Lehman promotes small modular nuclear reactors (SMRs). She claims they emit neither carbon dioxide nor methane, and are the solution to the nation’s greenhouse problems. They would be easy to transport, and cheap to install in factories or community centres without the expense of massive infrastructure. What Lehman ignores however, is that SMRs are in the very early stage of development. Only two small modular reactors are at present operating anywhere in the world – two 300 MW ice-breaker type Rosatom reactors on a 21,000 tonne vessel Academik Lomonsov, servicing the town of Pevek in Russia’s far east. Other countries are experimenting, but none expect SMRs to come on line in the near future.

Like other nuclear power enthusiasts, Lehman also ignores the fact that electricity generation through nuclear fission is losing popularity around the world. The environmental consequences of melt-downs at Windscale in Britain, Three Mile Island in the US, Chernobyl in Ukraine and Fukushima in Japan – particularly the latter two – generated enormous anxiety about safety and the long-term consequences of serious accidents. Several European countries either moth-balled their reactors or declared a moratorium on building more. Japan, with 54 operating reactors before the melt-down at Fukushima has slowly re-commissioned 10, but rehabilitation has been painfully slow as majority public opinion opposes nuclear power. France, another nuclear power champion, has 58 ageing reactors. Only one new complex is being built, at Flamanville in Normandy. It is now grossly over budget and way behind its scheduled start-up of 2012. The same applies to Britain’s only new reactor complex being built at Hinkley Point in Somerset. A proposed second one, Sizewell C in Suffolk, is likely to face similar problems.

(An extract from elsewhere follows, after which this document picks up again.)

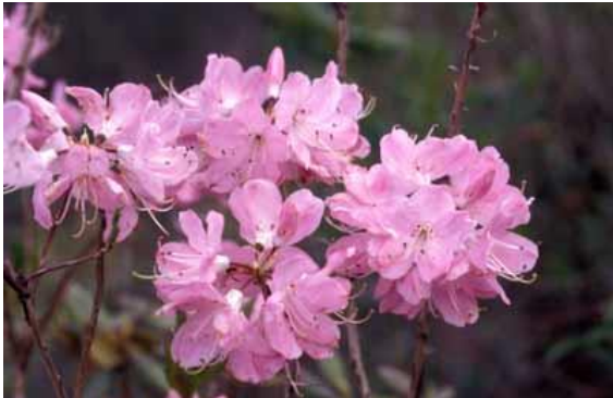
GKM-02-BRP419-PinkRoundFlowers.jpg (Good form)

The United States is the bellwether of what is to come. It has a fleet of 92 reactors, which generate a massive one third of global nuclear energy. But the fleet is rapidly aging. Many reactors are being shut down while only two new ones are under construction. Before the Fukushima disaster in 2011, there was talk in Washington of a nuclear renaissance, but no more. China has 48 power reactors, but they provide only 4 percent of the country’s power requirements. Japanese, Korean, French and Chinese exporters continue to be gung-ho about selling reactors abroad, but there is much circumspection about their products from potential customers.

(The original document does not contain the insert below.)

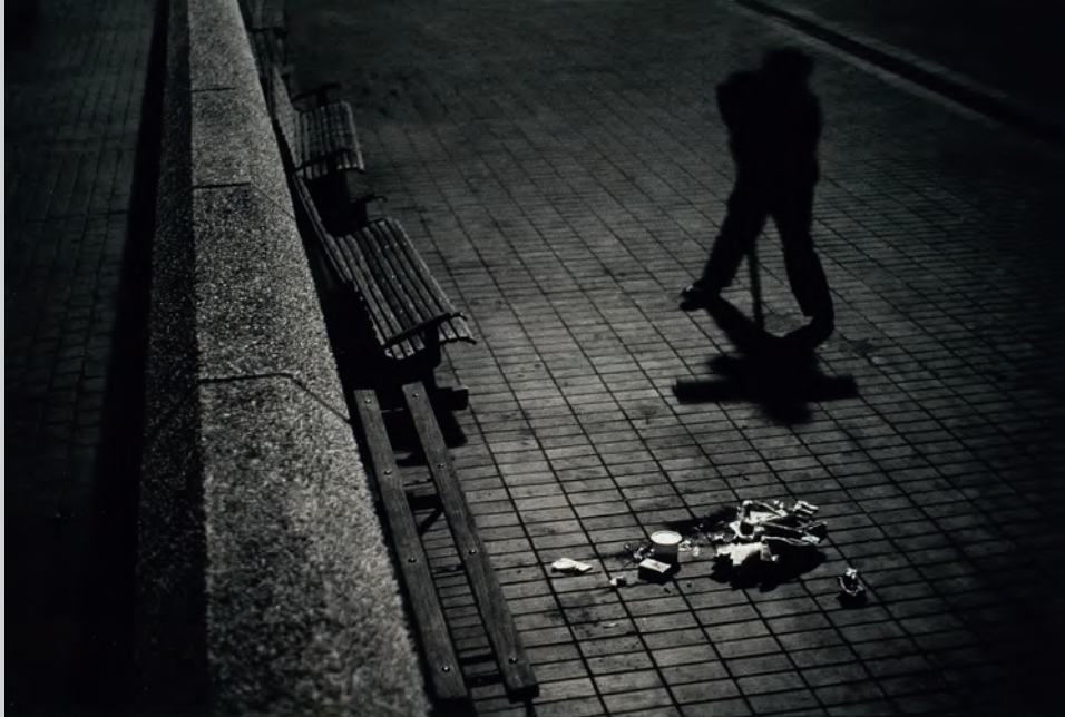
David Cook Cathedral Square 1983. Photograph. Collection of Christchurch Art Gallery Te Puna o Waiwhetu, purchased 1987

Can SMRs save the industry? Certainly, active research goes on around the globe, and it would be premature to suggest they will not gain traction. But the literature suggests they will share many of the problems of their big brothers. Also some unique ones such as neutron leakage, higher staffing costs per unit of generated electricity compared to their big brothers, and the heightened risks of nuclear proliferation due to the large number of partially or unsafe-guarded factory locations compared to the few dedicated and well-guarded sites of large power reactors.

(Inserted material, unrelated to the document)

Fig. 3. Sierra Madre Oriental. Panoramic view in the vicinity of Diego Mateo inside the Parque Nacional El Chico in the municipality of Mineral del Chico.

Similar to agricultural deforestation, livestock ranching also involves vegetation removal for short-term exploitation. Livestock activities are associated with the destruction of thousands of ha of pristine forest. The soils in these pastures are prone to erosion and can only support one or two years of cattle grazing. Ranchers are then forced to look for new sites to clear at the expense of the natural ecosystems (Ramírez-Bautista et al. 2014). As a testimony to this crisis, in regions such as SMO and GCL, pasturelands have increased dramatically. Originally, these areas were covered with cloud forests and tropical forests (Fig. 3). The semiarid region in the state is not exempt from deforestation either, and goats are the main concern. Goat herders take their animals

The final abiding problem is spent fuel disposal. The United States has about 60,000 tonnes of high-level nuclear waste with no proven storage technology to isolate it from the biosphere for the necessary 25,000 years. Yucca Mountain in Nevada was considered but lacked approval from the native Indian population. Australia has not even begun to find a spent fuel storage site for high-level nuclear waste. A low-level waste site has been chosen at Kimba on the Eyre Peninsular in South Australia, but is disputed by First Nation communities. Meanwhile intermediate and high level radioactive waste remains in storage at The Australian Nuclear Science and Technology Organisation’s base at Lucas Heights on the southern outskirts of Sydney. Where on earth (or in Australia) could space be found for a spent fuel dump for highly-toxic and long-lasting radwaste from small modular reactors?

Where, for that matter, would SMRs be built? A NIMBY reaction can be expected even from those who believe nuclear power can solve our emissions problem. And the political life of any politician who proposes building or operating nuclear reactors in his or her electorate can be expected to be short.